Here is the updated sha_sse2.cpp and the diff packaged as a ZIP file.

sha1_sse2_updated.zip

@neverhub
Copy link
Contributor

neverhub commented Jan 5, 2017

I am very interested in speed measurements with native instructions.
Could you run the following commands for me? Thanks in advance.

./botan speed --msec=1000 SHA-1
./botan speed --msec=1000 SHA-256
./botan speed --msec=1000 SHA-224

@securitykernel
Copy link
Collaborator

Indeed, interesting to see the output of botan speed. weidai11/cryptopp#139 indicates a quite impressive improve. The SHA extensions are only available in the Goldmont architecture, is that true? That would somehow limit the impact of this implementation.

However, 2.0.0 is feature freeze and likely to be released this or next week, so this would be a candidate for 2.1. The same goes for #808.

@noloader
Copy link
Contributor Author

noloader commented Jan 5, 2017

@randombit, @neverhub, @cordney,

All measurements were taken from the Celeron J3455 running at 1.5 GHz (burst at 2.3 GHz). The library was configured with ./configure.py --cc={gcc|clang} --cc-abi="-march=native -msse4 -msha".

  • Botan without Intel SHA extensions:
$ ./botan speed --msec=3000 SHA-1 SHA-224 SHA-256
SHA-160 [base] hash 274.826 MiB/sec (824.480 MiB in 3000.009 ms)
SHA-224 [base] hash 92.349 MiB/sec (277.051 MiB in 3000.027 ms)
SHA-256 [base] hash 92.364 MiB/sec (277.094 MiB in 3000.027 ms)
  • Botan with Intel SHA extensions, GCC 6.2:
$ ./botan speed --msec=3000 SHA-1 SHA-224 SHA-256
SHA-160 [base] hash 1195.907 MiB/sec (3587.723 MiB in 3000.000 ms)
SHA-224 [base] hash 535.740 MiB/sec (1607.219 MiB in 3000.000 ms)
SHA-256 [base] hash 535.970 MiB/sec (1607.914 MiB in 3000.005 ms)
  • Botan with Intel SHA extensions, Clang 3.8:
$ ./botan speed --msec=3000 SHA-1 SHA-224 SHA-256
SHA-160 [base] hash 1251.347 MiB/sec (3754.043 MiB in 3000.001 ms)
SHA-224 [base] hash 535.835 MiB/sec (1607.508 MiB in 3000.006 ms)
SHA-256 [base] hash 535.859 MiB/sec (1607.578 MiB in 3000.003 ms)

@randombit
Copy link
Owner

Thank you! It will require some work to handle the ISA support properly, but I (or maybe someone else if interested, any takers?) can certainly handle it from here based on your patch. The timing is not right for target this for 2.0. But it is a great candidate for 2.1.
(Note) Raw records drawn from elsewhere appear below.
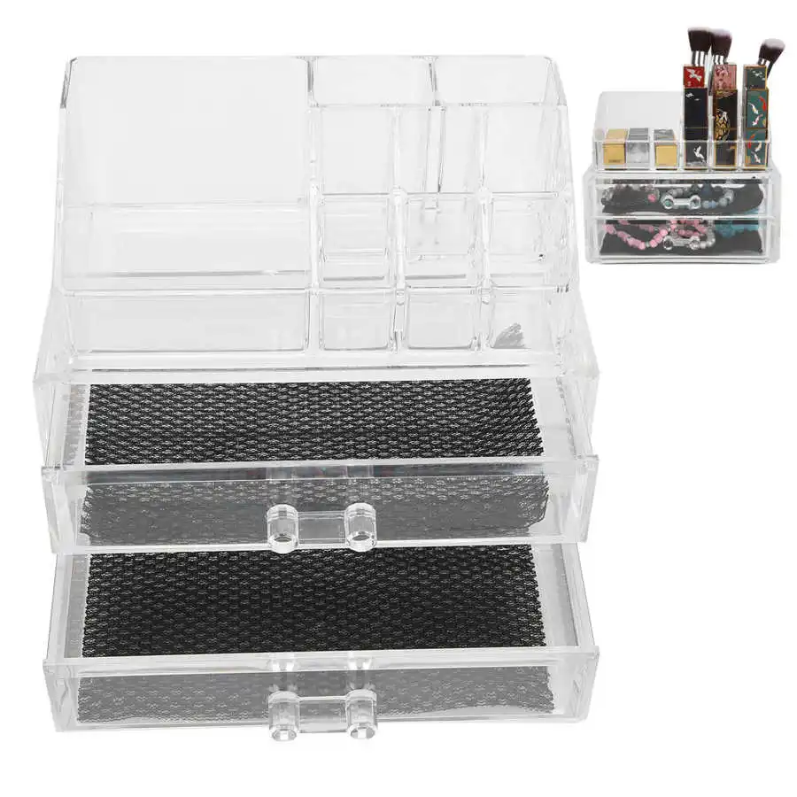 2. Поместите двухслойный выдвижной ящик для хранения, а затем поместите на него ящик для хранения помады.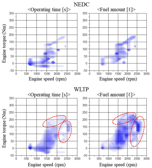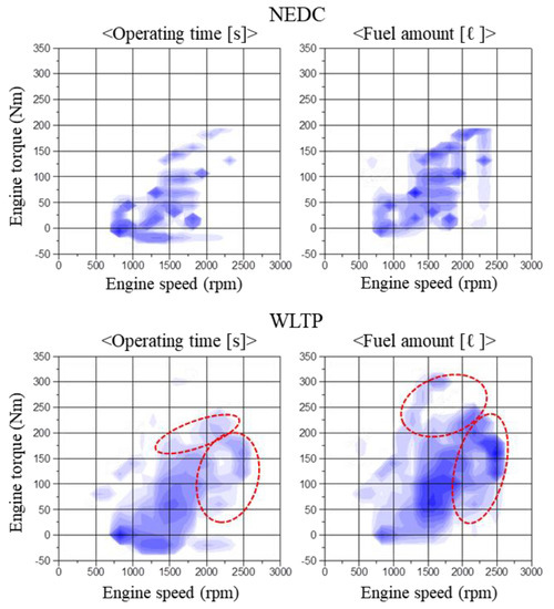 Figure 11 and Figure 12 show the distribution of the operating time and fuel amount for gasoline and diesel vehicle under NEDC and WLTP cycles. In this figure, the darkness in shade means high contribution. The engine operation zone significantly increased under WLTP compared to that under NEDC, due to increases in engine load and speed. In particular, the dotted line is an additionally expanded area compared to NEDC. In the case of the diesel engine, due to the increase in high load operating time, the EGR operation zone and operating time for reducing NOx emissions were increased. Thus, this resulted in the deterioration of fuel consumption.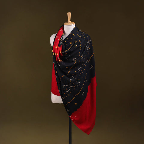 | Material | Black handwoven bandhani tie-dye merino wool shawl showcasing the artistry of Kutch Gujarat. Crafted by skilled artisan Vankar Bhimji Kanji it blends traditional charm with a contemporary touch. It adds grace to both everyday outfits and festive looks while offering comforting warmth making it a beautiful choice for chilly days. |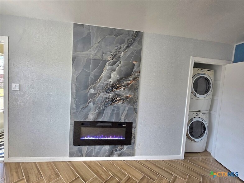 Beautifully Updated Townhome/Quadplex High-End Finishes Throughout Experience luxury living from the moment you walk through the door of this stunningly remodeled townhome. Designed with modern elegance and comfort in mind, this residence features: A high-tech, multi-setting electric fireplace that sets the perfect ambiance, sleek granite kitchen countertops paired with modern appliances, built-in microwave, and electric range, a spa-inspired bathroom with luxurious stone surround, lighted shampoo niche, multifunctional shower head, and body sprayer unit, stackable front-loading washer and dryer (included) for added convenience . Every detail reflects quality craftsmanship and upscale design.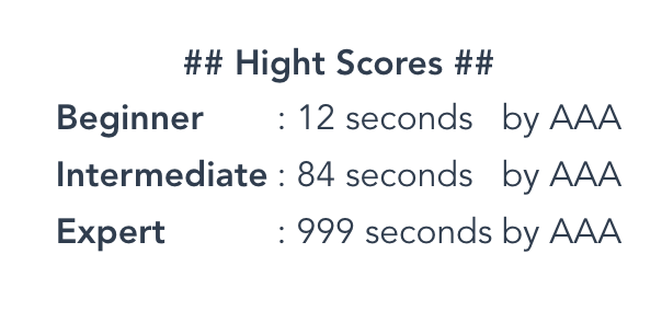 이 상태에서는 High Score Board가 형식에 맞지 않아 이상하게 나오게 된다. 따라서, 다음과 같이 HTML 코드를 변경한다.<tr><td><b>Beginner</b></td><td>: {{highscores.beginner.name}}</td><td>{{highscores.beginner.score}} seconds</td></tr> <tr><td><b>Intermediate</b></td><td>: {{highscores.intermediate.name}}</td><td>: {{highscores.intermediate.score}} seconds</td></tr> <tr><td><b>Expert</b></td><td>: {{highscores.expert.name}}</td><td>: {{highscores.expert.score}} seconds</td></tr>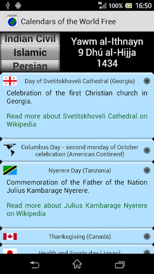 Calendars of the World is an application which allows you to view the world through the eyes of different people using their calendar. Most people around the world use the Gregorian calendar for their daily activities, but there are a lot of other calendars in the world. Those currently implemented in this application are: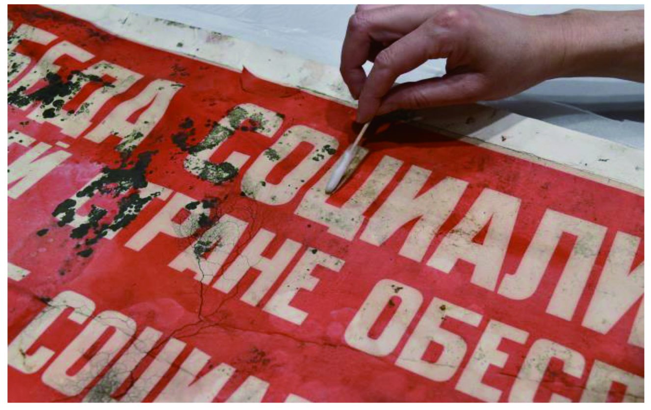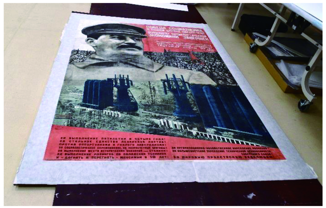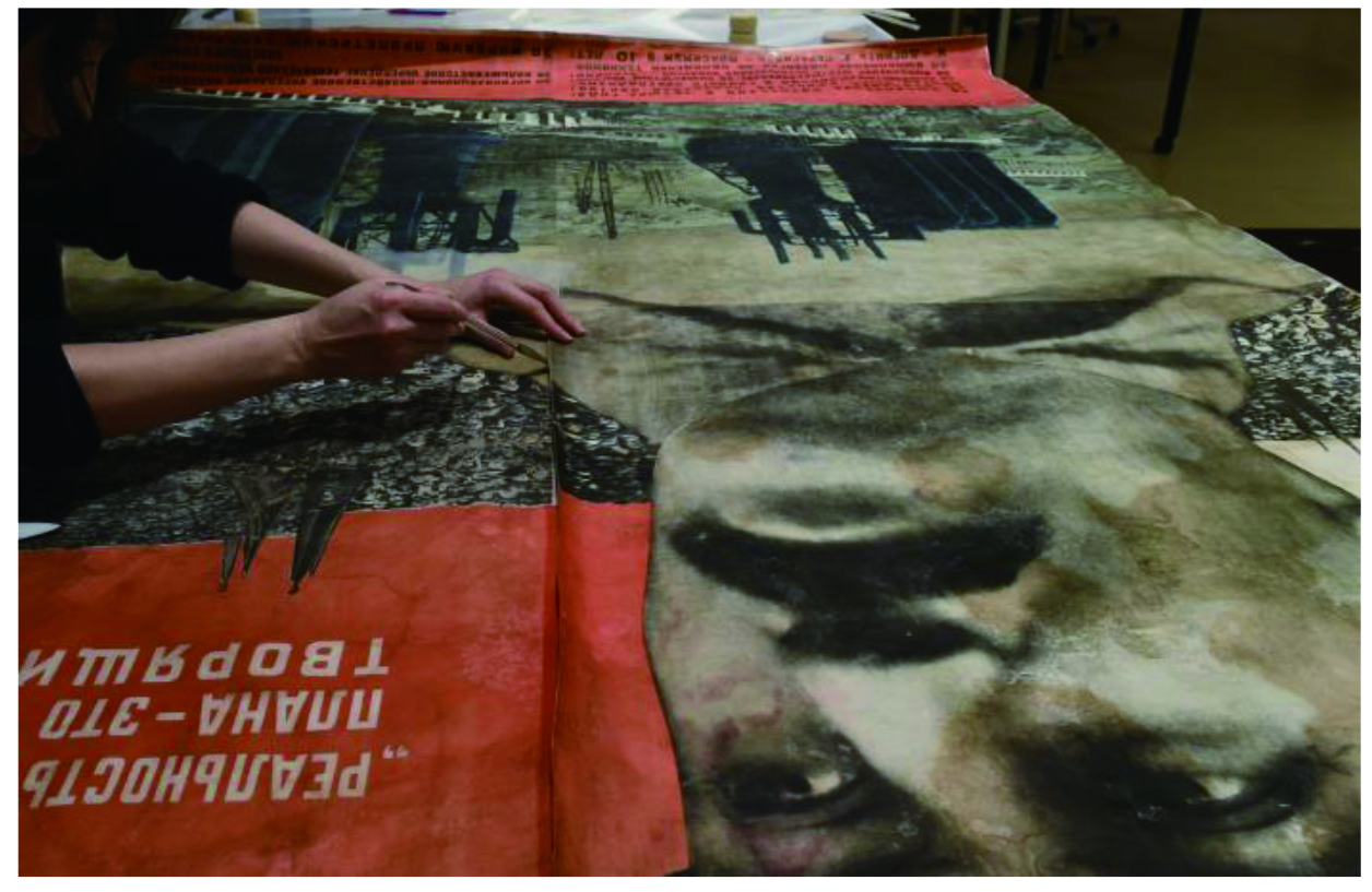 本作品の修復は2023年4月から2024年2月まで、約10か月にわたり処置が行われました。応急処置から修復まで、様々な方に関わっていただきました。当館はこうしたソ連のプロパガンダポスターを多数収蔵しており、将来的には修復を終えた作品を展覧会などの機会でご紹介できればと思います。

How would you like your code to be attributed? Normally in Botan all copyright is held by individual authors, and we collectively distribute all of it under the BSD-2 license. Alternately it can be released in files (C) me, distributed under BSD, and explaining it is based on public domain code by you (and referencing also the public domain code you reference, either way). I was not sure if you had a personal preference for non-copyright.

@securitykernel
Copy link
Collaborator

The numbers are quite impressive, that's a 5x increase. Can you say more on the microarchitectures on which the SHA extensions are available today and maybe will be in the future? ark.intel.com does not list these yet, even for the Celeron you say you tested on. Will this be in Kaby-Lake processors?

@noloader
Copy link
Contributor Author

noloader commented Jan 5, 2017

@randombit,

How would you like your code to be attributed? Normally in Botan all copyright is held by individual authors...
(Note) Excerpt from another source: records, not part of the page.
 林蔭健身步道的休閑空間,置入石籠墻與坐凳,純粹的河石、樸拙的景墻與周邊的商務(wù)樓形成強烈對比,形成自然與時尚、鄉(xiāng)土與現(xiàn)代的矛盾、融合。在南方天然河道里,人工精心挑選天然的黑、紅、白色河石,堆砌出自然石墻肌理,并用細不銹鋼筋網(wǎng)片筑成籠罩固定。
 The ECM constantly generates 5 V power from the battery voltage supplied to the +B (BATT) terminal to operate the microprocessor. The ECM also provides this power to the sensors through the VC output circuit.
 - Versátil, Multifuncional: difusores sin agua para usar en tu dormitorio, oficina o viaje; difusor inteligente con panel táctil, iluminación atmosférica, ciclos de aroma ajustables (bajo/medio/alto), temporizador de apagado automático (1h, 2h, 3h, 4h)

I prefer to assign any rights to Botan. Botan can release it under any terms it prefers. (I know some countries endow copyright even if its unwanted).


@cordney,

Can you say more on the microarchitectures on which the SHA extensions are available today and maybe will be in the future?
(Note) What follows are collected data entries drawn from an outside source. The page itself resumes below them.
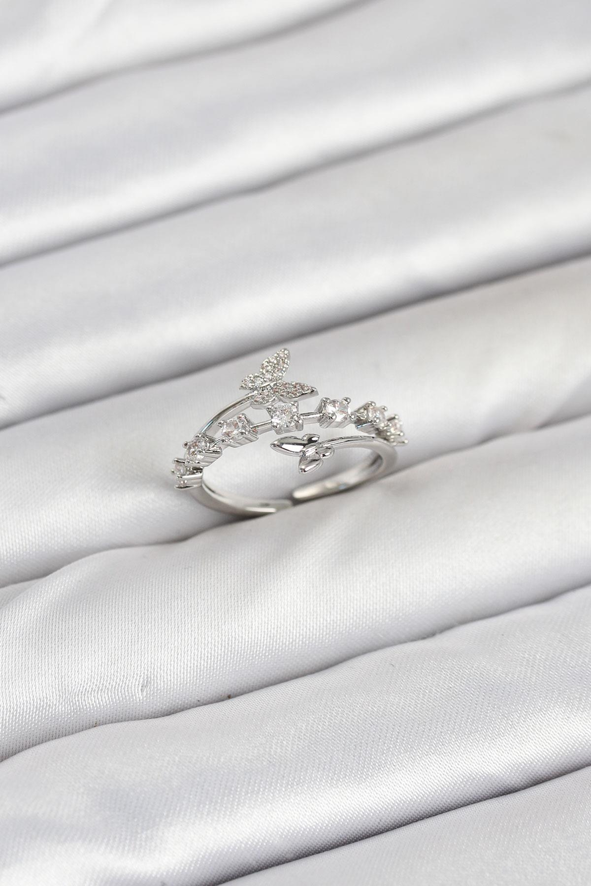 Pirinç Gümüş Renk Zirkon Taşlı Kelebek Model Kadın Yüzük (BYK3851)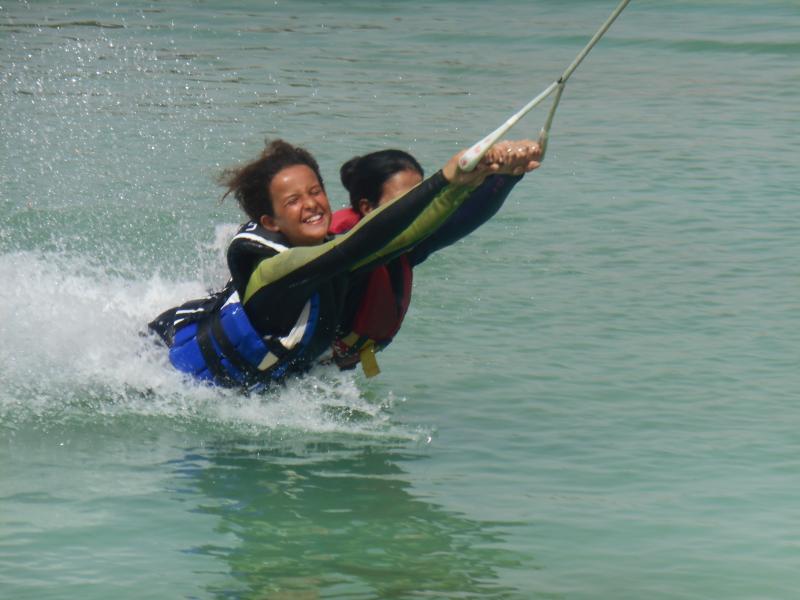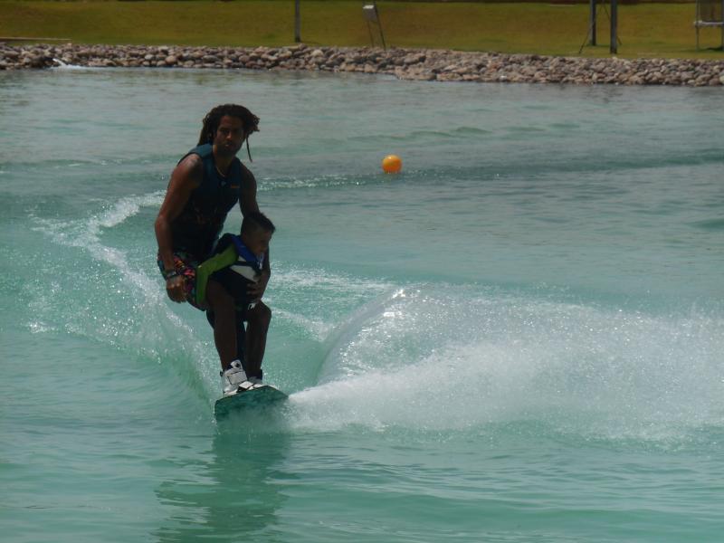 Lundi 02.07 : Matinée au Waiki Park (ski nautique sur un lac artificiel), où une jeune fille s’est écriée « je vais faire un strike) au lieu d’un strip parce qu’elle perdait son maillot. Du coup elle a mis une combinaison…et les autres participants ont suivi en mettant eux aussi une combinaison.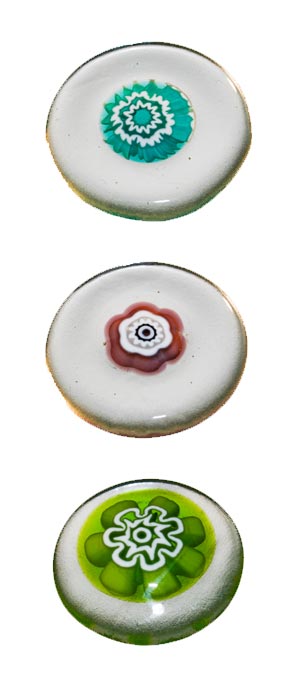 Le murrine o millefiori sono delle piccole gemme in vetro trasparente o in pasta opaca dai svariati colori e disegni . Vengono fabbricate sin dall’antichità nelle fornaci di Murano, un’ isola della laguna di Venezia. Lavorate al lume da un Maestro vetrario si ottengono dalle bacchette le gemme rotonde che fuse tra loro danno origine a svariati tipi di formelle che vengono applicate a vetri acidati o float trasparenti.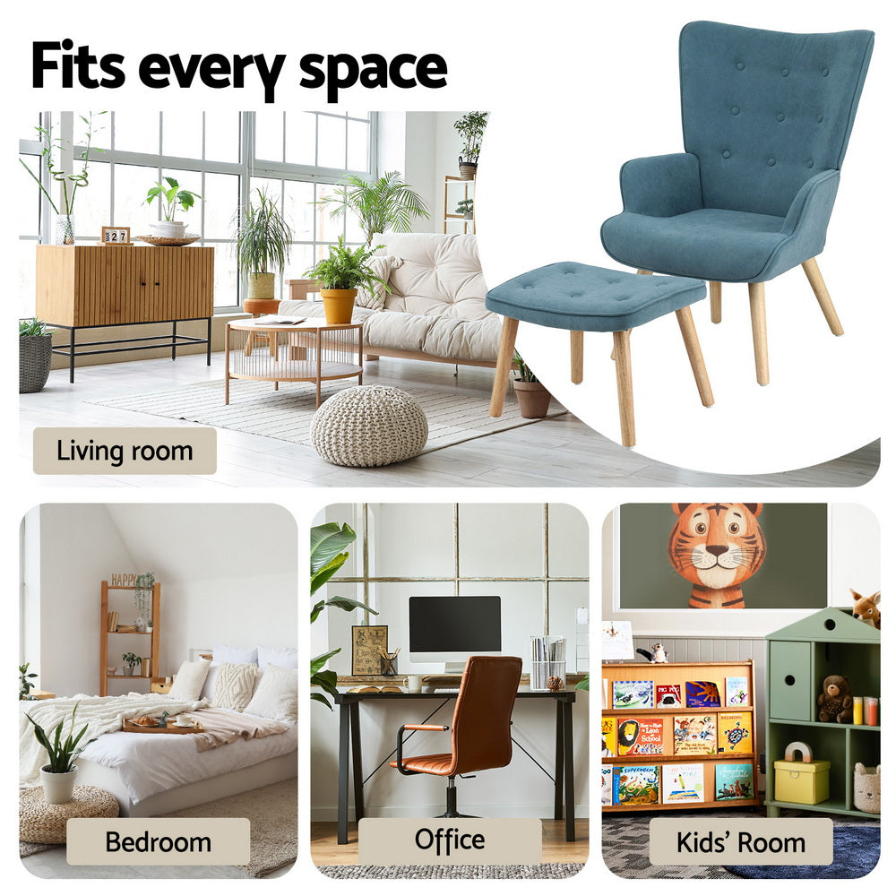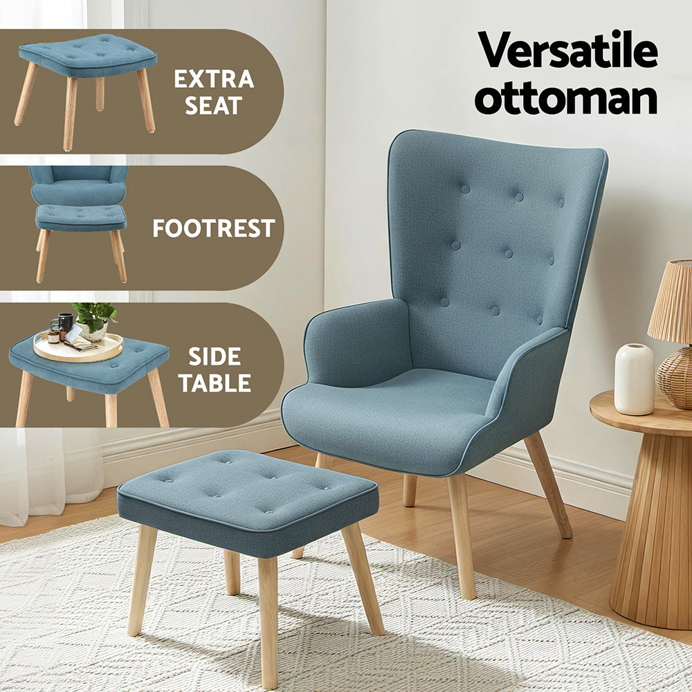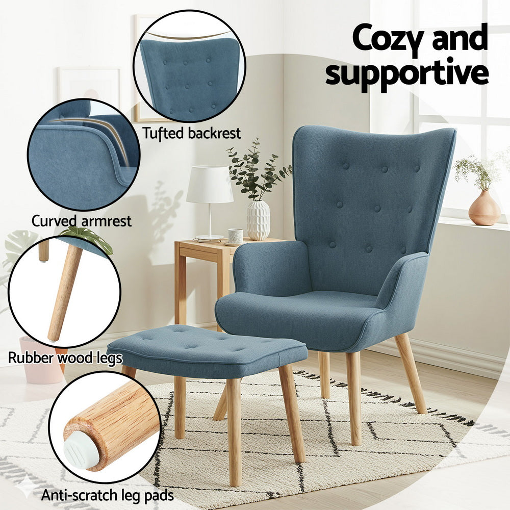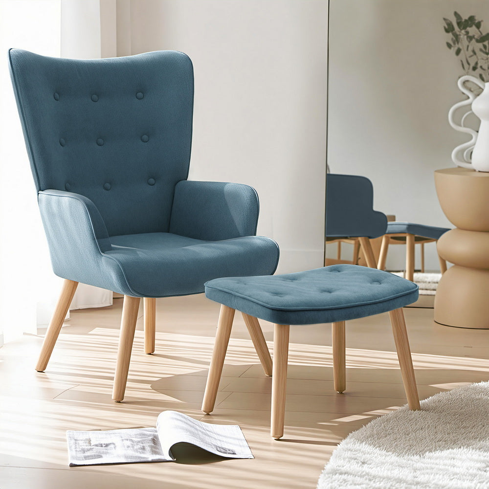 Made with the highest quality craftsmanship, nothing can get you a heavenly comfortable feeling any closer than this. It features a Scandinavian-inspired style that will effortlessly enrich your living room decor. Furthermore, it is available in four gorgeous colours. So style the way you want to achieve the desired look. The armchair is upholstered in premium velvet fabric with a rich high resilience foam padding for comfort, and the tufted design also adds extra elegance. Likewise, the ottoman also shares the same attributes. Not least, the sturdy rubber wood legs are splayed to give this ensemble better support and durability, as well as a unique stance from any angle.

SHA extension were originally supposed to be part of Apollo Lake (IIRC). In 3Q 2016 we saw the SHA extensions surface under Goldmont (and not Apollo Lake). At this point in time, I am aware of 6 processors with the SHA extensions, and all of them are Goldmont:

  • Pentium J4205 (desktop)
  • Pentium N4200 (mobile)
  • Celeron J3455 (desktop)
  • Celeron J3355 (desktop)
  • Celeron N3450 (mobile)
  • Celeron N3350 (mobile)

I'm guessing SHA will proliferate a lot like AES-NI in Intel CPUs. Eventually it will be ubiquitous.

I was never able to use ARK to identify the processors with SHA extensions. I used Wikipedia's page on Goldmont, and then worked backwards using the part numbers.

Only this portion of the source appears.